Google Analytics uses analytics cookies. The information generated by these cookies about your use of this website is generally transmitted to a Google server in the USA and stored there. We have extended the Google Analytics code with the function “gat._anonymizeIp();”. This code ensures that Google shortens the IP address within Member States of the European Union or other contracting states of the Agreement on the European Economic Area before transmission. Only in exceptional cases will the full IP address be transmitted to a Google server in the USA and shortened there. On behalf of the operator of this website, Google will use this information to evaluate your use of the website, to compile reports on website activity, and to provide further services related to website and internet usage. The IP address transmitted by your browser as part of Google Analytics will not be merged with other Google data.
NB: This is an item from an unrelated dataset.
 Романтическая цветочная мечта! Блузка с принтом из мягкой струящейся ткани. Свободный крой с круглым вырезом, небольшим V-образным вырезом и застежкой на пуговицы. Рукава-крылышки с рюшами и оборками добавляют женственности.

Demographic Characteristics
By using the “demographic characteristics” function, statistics can be generated that provide information about the age, gender, and interests of users.

Google Signals
The “Google Signals” feature enables cross-device reports. If a user has activated personalised ads and linked their devices to their Google account, Google can analyse usage behaviour across devices and create cross-device conversions. We only receive statistics from this, not personal data.

For more information on how to disable personalised advertising, see:
https://support.google.com/ads/answer/2662922?hl=de
and
https://support.google.com/analytics/answer/7532985?hl=de

UserIDs
The “UserIDs” function allows activities and conversions to be analysed across devices.
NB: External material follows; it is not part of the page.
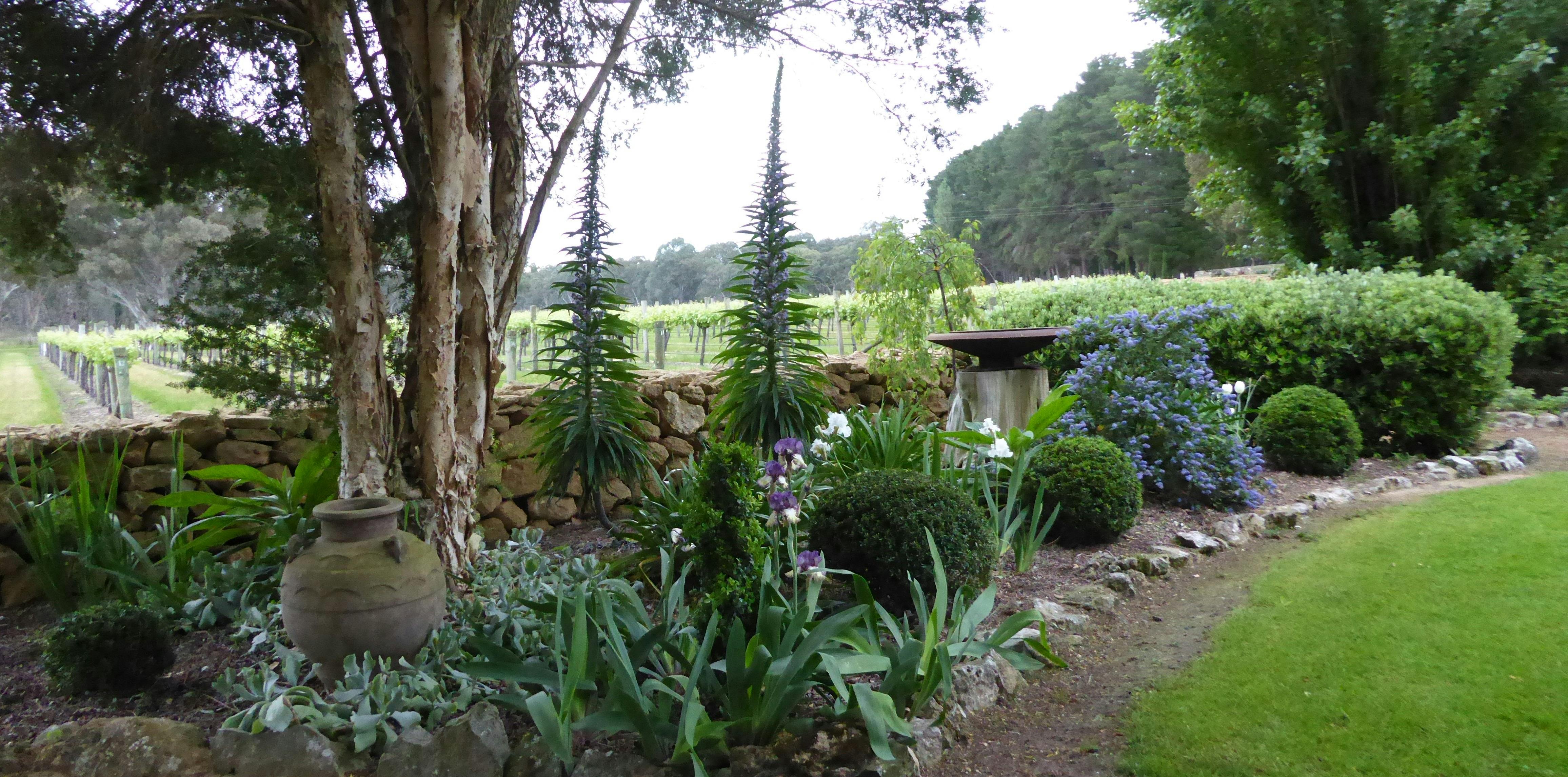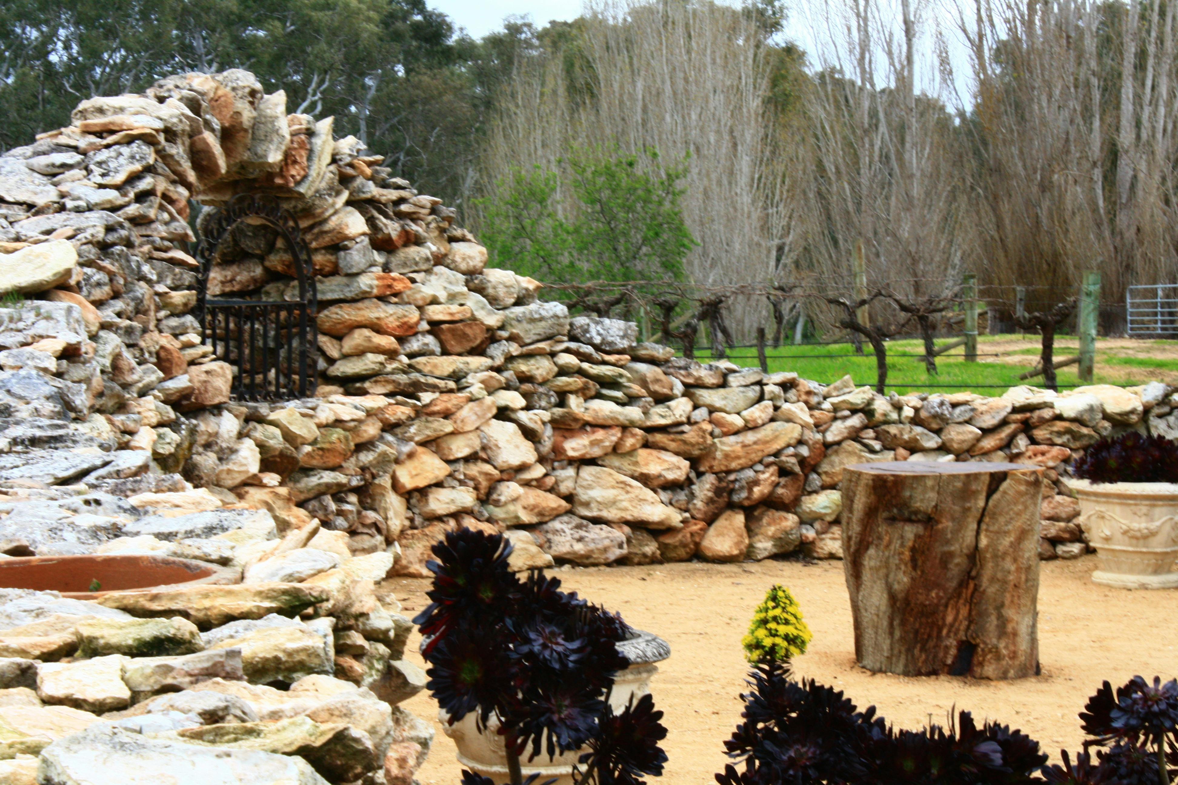 The award winning wines and spirits are available for tasting and purchase at the Cellar Door which is nestled in the famous show garden that is meticulously crafted by Glenys Mulligan that includes dry stone walls, paths, artworks and a kaleidoscope of colour produced by hundreds of roses, flowers, shrubs and trees.

Further information is available at:
https://www.google.com/analytics/terms/de.html
https://policies.google.com/?hl=de
https://policies.google.com/technologies/partner-sites
https://policies.google.com/privacy?hl=de&gl=de

We have concluded a data processing agreement with the provider. Furthermore, the provider relies on the European Commission’s standard contractual clauses. For data transfers to the USA, the provider participates in the EU-US Data Privacy Framework, which ensures compliance with the European data protection level based on an adequacy decision by the European Commission.
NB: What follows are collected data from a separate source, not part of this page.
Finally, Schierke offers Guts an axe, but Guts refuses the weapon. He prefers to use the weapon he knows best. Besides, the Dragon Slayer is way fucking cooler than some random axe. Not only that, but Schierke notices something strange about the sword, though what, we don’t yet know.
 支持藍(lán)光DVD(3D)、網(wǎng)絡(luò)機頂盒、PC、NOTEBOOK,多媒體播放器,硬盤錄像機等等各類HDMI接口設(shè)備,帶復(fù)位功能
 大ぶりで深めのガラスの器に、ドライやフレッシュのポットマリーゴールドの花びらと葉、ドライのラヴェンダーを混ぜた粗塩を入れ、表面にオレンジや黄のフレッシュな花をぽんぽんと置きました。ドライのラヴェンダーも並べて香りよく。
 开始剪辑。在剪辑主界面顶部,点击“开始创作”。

b. Legal Basis for Data Processing
The legal basis for processing users’ personal data is Article 6(1)(a) GDPR in conjunction with § 25(1) TDDDG.

c. Purpose of Data Processing
Processing users’ personal data enables us to analyse our users’ browsing behaviour. The evaluation of the data collected allows us to compile information on the usage of the individual components of our website. This helps us to continuously improve our website and its user-friendliness. The anonymisation of the IP address adequately protects users’ interest in safeguarding their personal data.

d. Duration of Storage
Your data will be deleted when it is no longer required for our business processes and no statutory retention obligations apply.
Additionally, we have configured Google to automatically delete the data after 2 months.

e. Right to Object and Removal Option
Cookies are stored on the user’s device and transmitted to us. Therefore, users have full control over the use of cookies. You can disable or restrict the transmission of cookies by changing the settings in your internet browser. Already stored cookies can be deleted at any time. This can also be done automatically.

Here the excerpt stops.